Tarih ve Bağlangıç
Okuldan çıkıp köy otobüsünü, mavi önlüğümle beklediğim günlerdi.
Adına durak denmeyen sadece köy minibüslerinin
geçtiği yöndeki kaldırım vardı. Bu kaldırımın hemen kenarındaki dükkanda ; balık malzemeleri satılırdı.
Balık ağları ile süslenmiş vitrininde, birkaç olta ve misina
dururdu. Bir gün vitrine baktığımda yukarıya asılmış bağlamalar gördüm. bu
bağlamaların içinde en küçük olanı dikkatimi çekmişti. Bende küçüktüm bağlamada
küçüktü. İşte o zaman bu müzik aletinin benim olmasını çok istemiştim ,tek
etkileyen yanı küçük olması , birde müzik aleti olması idi.

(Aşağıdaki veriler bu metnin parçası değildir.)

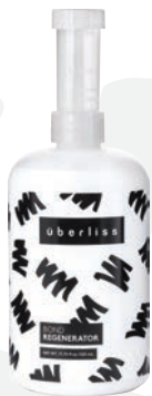
BOND REGENERATOR 17.75 fl oz

ÜBER STRENGTH FOR YOUR CLIENT'S HAIR, EACH & EVERY TIME! THE NEXT GENERATION OF BOND POWER IS HERE.
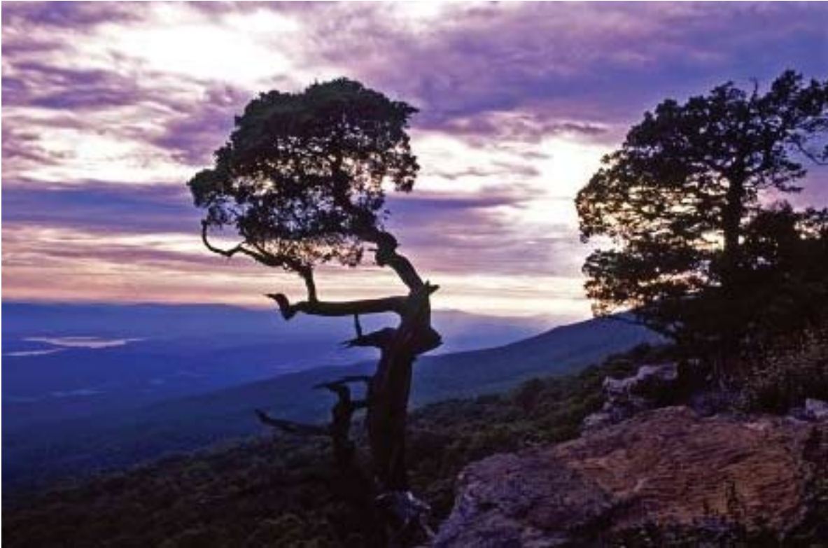
View from atop Mt Magazine
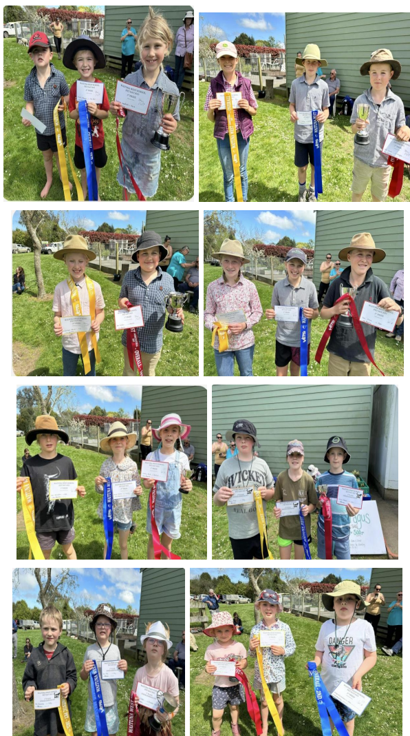
Our 2023 Pet Day Cup Winners!

What a brilliant success our 2023 Pet Day was, a very big THANK YOU to our Judges, BOT, Home and School Committee, parents, children and pets for making this such a great day. We are amazed at the turnout this year and every pet looked it's hard-worked at best. Congratulations to all the winners and to everyone who entered, you all did a magnificent job!
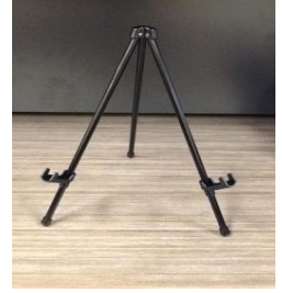
42. Tabletop Easel
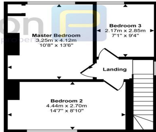
First Floor Approx 38 sq m / 410 sq ft

This floorplan is only for illustrative purposes and is not to scale. Measurements of rooms, doors, windows, and any items are approximate and no responsibility is taken for any error, omission or mis-statement. Icons of items such as bathroom suites are representations only and may not look like the real items. Made with Made Snappy 360.

Gelip gittiğim, otobüs bekleyip kaçırdığım günlerde, Sazcı
Hasan adı beynime kazınmıştı. Oto tamircileri, garaj ve birkaç satıcının küçük dükkânlarının
arasından Sazcı Hasanın vitrini benim için ayrı bir dünya olmuştu.
4. sınıf karnemi alıp teşekkür belgemle eve gelmiştim hava
çok soğuktu babam küçük odanın sobasının kenarında oturuyordu. Herkese teşekkür
belgemi göstererek gelmiştim. Köyden ilçeye okumak için gittiğim ilk yılda
teşekkür almıştım ve sanırım annem babam ve dedemin benden pek ümidi yoktu.
Kapıyı hızla açıp odanın kapısına yöneldim ve elimdeki belgeyi sallayarak baaak
kızına gördün mü dedim. Babamın ifadelerini net hatırlamıyorum ama sevinmişti
ve o gün bana bağlama alacağına dair tutmayacağı bir söz verdi.sonra keşke
anneme sarılsaydım da söz verdirseydim dediğim koca bir 18 yıl geçti…
Bu anlattıklarım Cimcime ye gitar almak için gittiğimiz
müzik evinde aklımdan film şeridi gibi geçen hatıralarımdı. Bir bir kapılarını açıp,
selam verdiğim anılarımdı hepsi. Neden neden olmasın dedim kendime Belki Sazcı Hasan’daki
küçük bağlama değil ama ufak bir başlangıç için bir şeyler yapabilirim diye düşündüm.
Düşünmekle yetinmeyip, başlangıç için bir bağlama aldım kendime.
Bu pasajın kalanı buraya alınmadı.